- Requirement:
With the pictures left out, transcribe exactly the lines from the one with "oDie Dicke des" through the end of the data.

- Dataset content:
=== Begin Enclosure ===
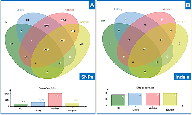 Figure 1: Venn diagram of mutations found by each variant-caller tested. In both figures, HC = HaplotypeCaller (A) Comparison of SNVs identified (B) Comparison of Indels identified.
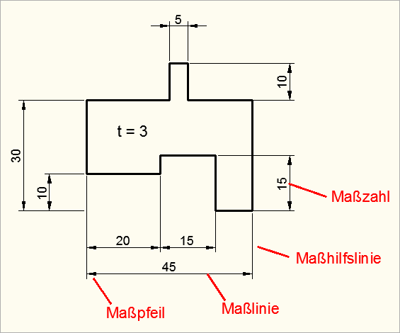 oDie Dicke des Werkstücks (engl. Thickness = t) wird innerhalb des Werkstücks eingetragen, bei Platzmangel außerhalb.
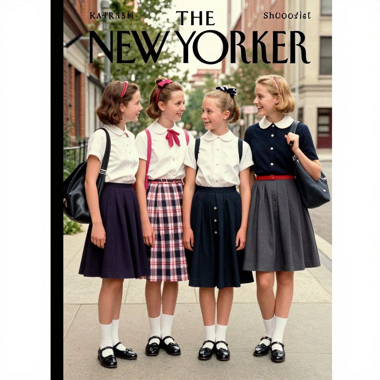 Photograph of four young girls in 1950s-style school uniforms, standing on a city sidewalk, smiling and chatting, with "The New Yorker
=== End Enclosure ===
- Response to this exercise:
 oDie Dicke des Werkstücks (engl. Thickness = t) wird innerhalb des Werkstücks eingetragen, bei Platzmangel außerhalb.
 Photograph of four young girls in 1950s-style school uniforms, standing on a city sidewalk, smiling and chatting, with "The New Yorker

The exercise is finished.